Sin embargo, un día, comienzan a ocurrir asesinatos que parecen imitar los métodos de Jeong I-shin en el pasado. Con víctimas que tienen características similares, herramientas del crimen y la forma en que se presentan los cuerpos, los incidentes extrañamente se superponen, evocando una pesadilla olvidada en el presente. Como si un fantasma de una película de terror resucitara a través del algoritmo de las redes sociales, el pasado comienza a devorar el presente.
La persona encargada de este caso es el detective Cha Su-yeol (Jang Dong-yoon), quien es considerado un problema dentro de la policía. Su-yeol es un investigador capaz, pero siempre es problemático debido a su represión excesiva y su ira desmedida. Como un lanzallamas que no está bien dirigido, reacciona intensamente al crimen y quiere estar del lado de las víctimas más que nadie, pero ha estado al borde de cruzar la línea varias veces debido a su incapacidad para controlar sus emociones. Su superior, el inspector Choi Joong-ho (Jo Sung-ha), le da a Su-yeol una especie de última oportunidad a raíz de este caso de asesinato imitador. Al principio, Su-yeol sigue la evidencia con frialdad como de costumbre, pero pronto se enfrenta a la dura realidad de que el caso Mantis está profundamente entrelazado con él. La Mantis Jeong I-shin es, de hecho, su madre. Esta ironía del destino, que podría verse en una tragedia griega, es tan cruel como si Edipo volviera a aparecer vestido con el uniforme de un detective moderno de Corea.

El drama no se apresura a consumir esta impactante configuración, sino que eleva lentamente la línea emocional de Su-yeol. Su-yeol es un personaje que ha crecido en medio de la violencia y el miedo desde su infancia. La violencia que ocurría en su hogar, las verdades cubiertas bajo el nombre de religión y honor, y el hecho de que su madre resultó ser una asesina en serie han sacudido su vida por completo. Su-yeol ha definido a su madre como un 'monstruo' y ha vivido cortando todas las relaciones, pero nunca puede escapar del hecho de que él mismo se ha convertido en alguien cercano a la violencia. En algún lugar entre los genes y el entorno, se pregunta cada mañana frente al espejo: "¿Me parezco a mi madre, o simplemente me he arruinado por su culpa?"
Bailando con el diablo: La retorcida relación madre-hijo
La investigación del asesinato imitador no avanza fácilmente. El criminal parece moverse como si conociera los movimientos de la policía, dejando pistas, y cada crimen reproduce meticulosamente escenas específicas del caso Mantis. En este proceso, el equipo de investigación toma una decisión peligrosa. Deciden involucrar a la verdadera Mantis, Jeong I-shin, en la investigación. Como si consultaran a Hannibal Lecter, reconocen que necesitan el conocimiento del demonio. Jeong I-shin presenta condiciones con una expresión fría y sin emociones. Para que ella ayude, su hijo, Cha Su-yeol, debe estar profundamente involucrado en la investigación. Es el momento en que comienza la variación más extraña de la maternidad.

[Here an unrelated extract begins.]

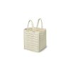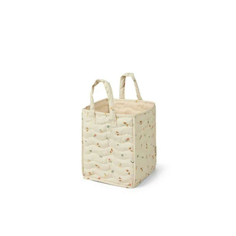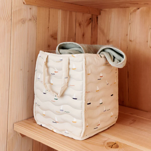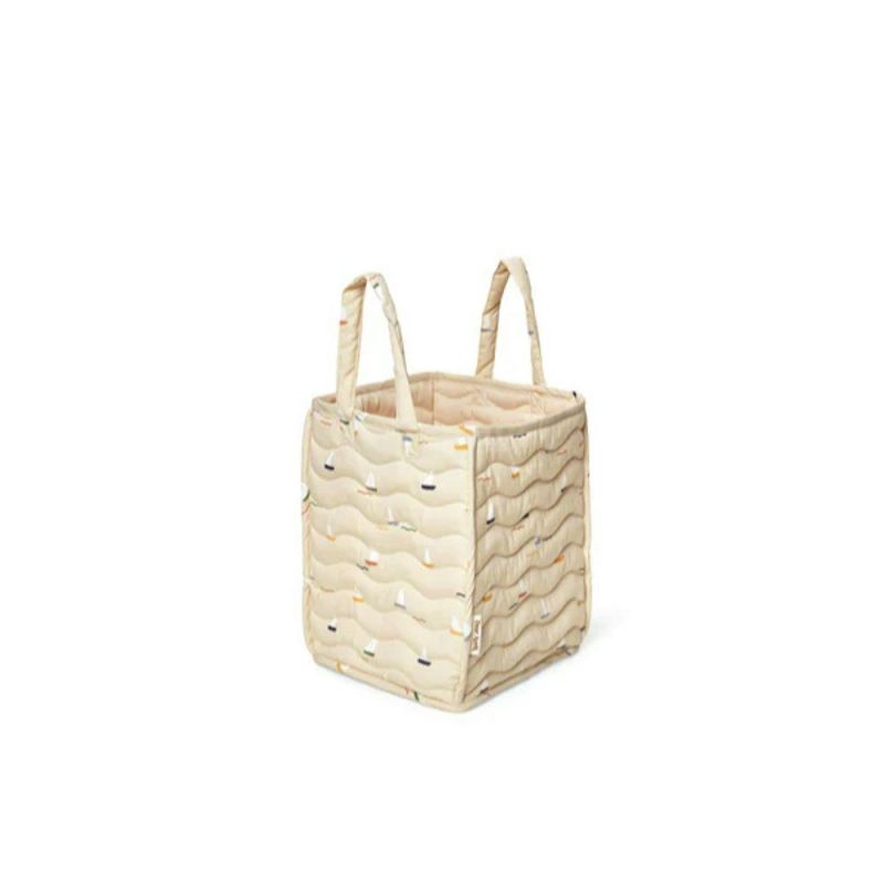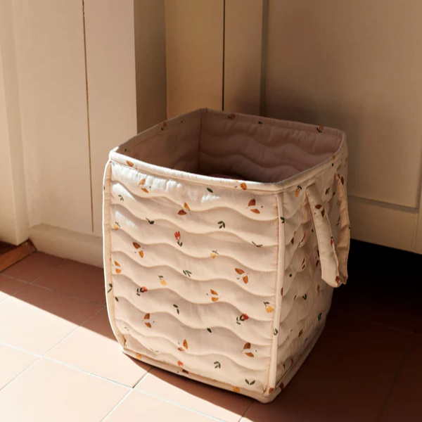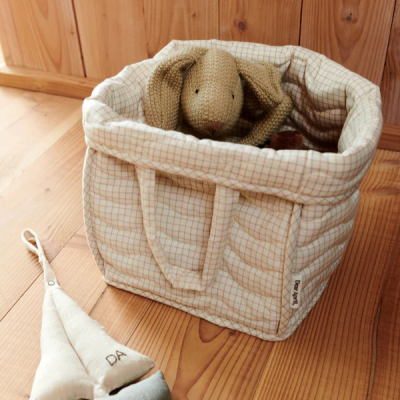Myk og stilfull oppbevaringskurv med dekorativ bølgete quilting og store håndtak, perfekt for små hender som enkelt kan bære kurven.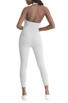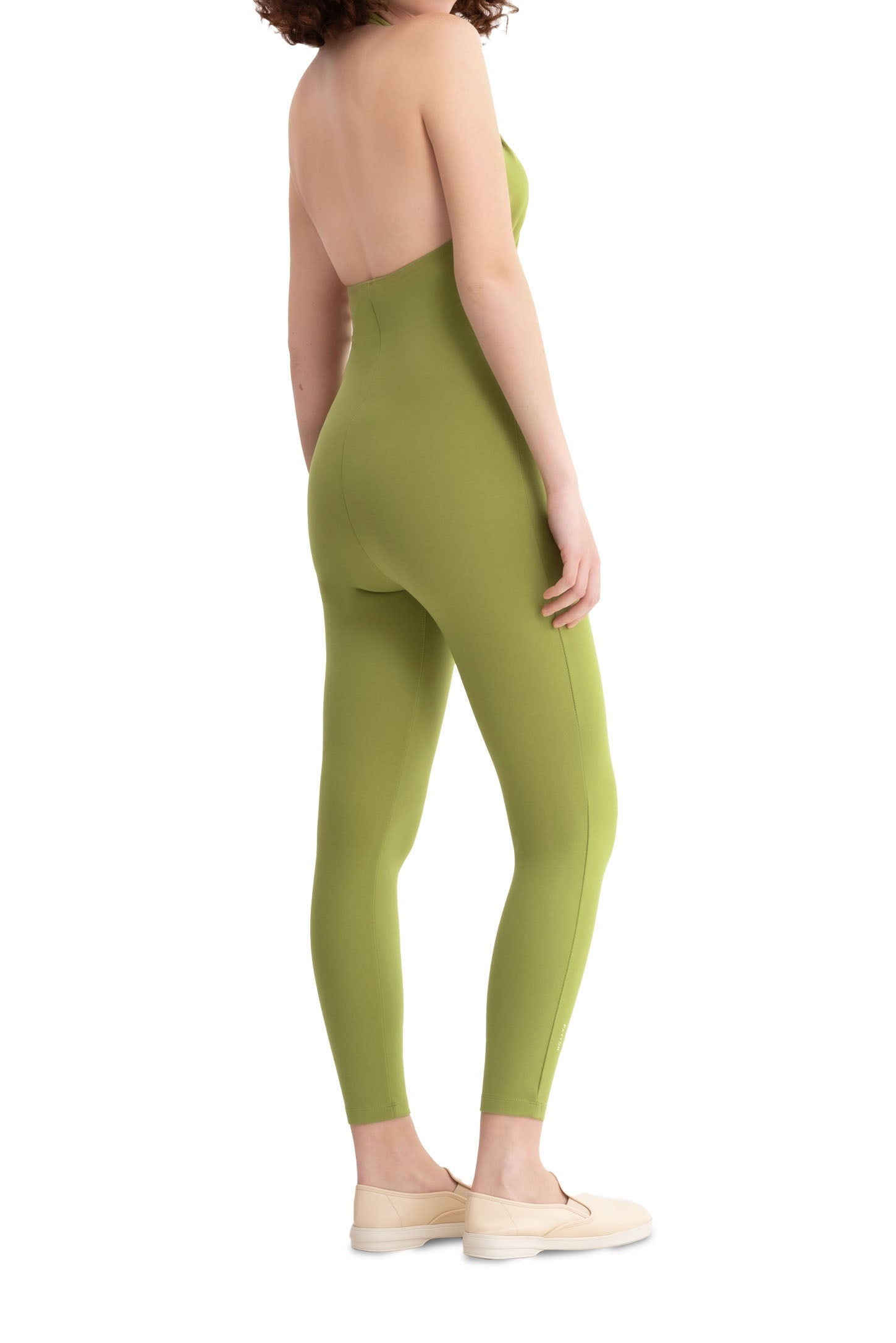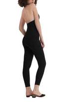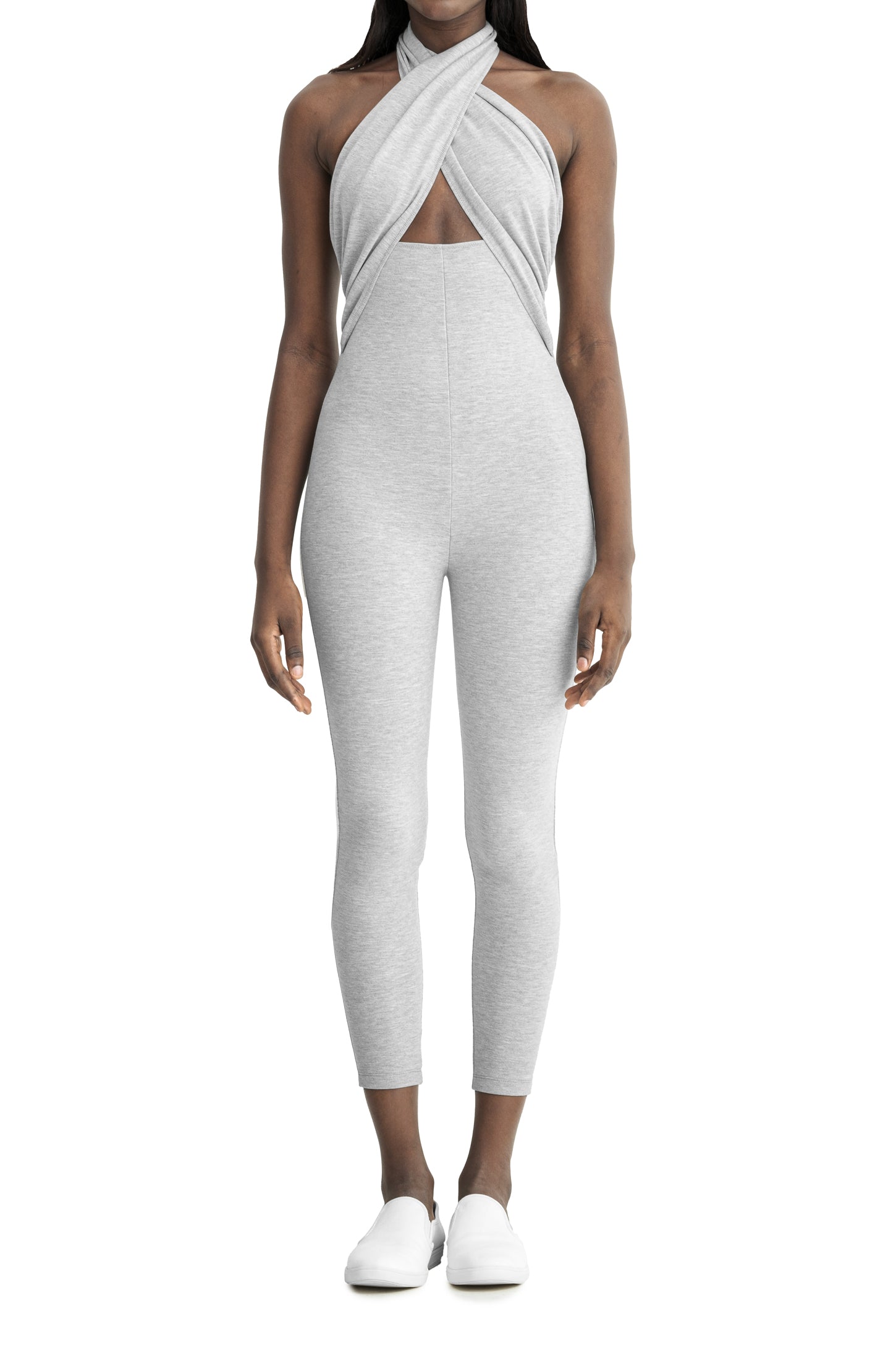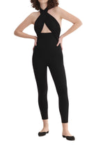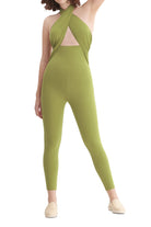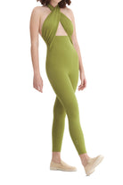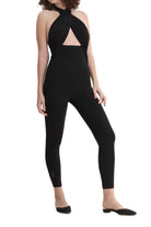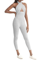 A full length unitard featuring a crisscross halter neckline with cut out and an embroidered logo.

A partir de este punto, el drama comienza a retratar la retorcida relación madre-hijo de manera más intensa. Jeong I-shin sale de prisión y, atada con grilletes, observa las fotos de la escena del crimen, señalando detalles que otros detectives han pasado por alto. Lee la psicología y los patrones del criminal a partir de gestos sutiles de la víctima, objetos desordenados en la casa y garabatos en la pared. Como si Sherlock Holmes se hubiera reencarnado en el profesor Moriarty, su perspicacia es precisa y escalofriante. Su-yeol no puede evitar reconocer la habilidad de su madre, pero al mismo tiempo, cada uno de esos momentos le resulta repugnante. Jeong I-shin le dice repetidamente a Su-yeol que "tú y yo no somos diferentes", y cuanto más intenta Su-yeol negar eso, más se enfrenta a la violencia que se oculta dentro de él. Son momentos en los que se hace realidad la advertencia de Nietzsche: "Quien lucha con monstruos debe tener cuidado de no convertirse en uno en el proceso".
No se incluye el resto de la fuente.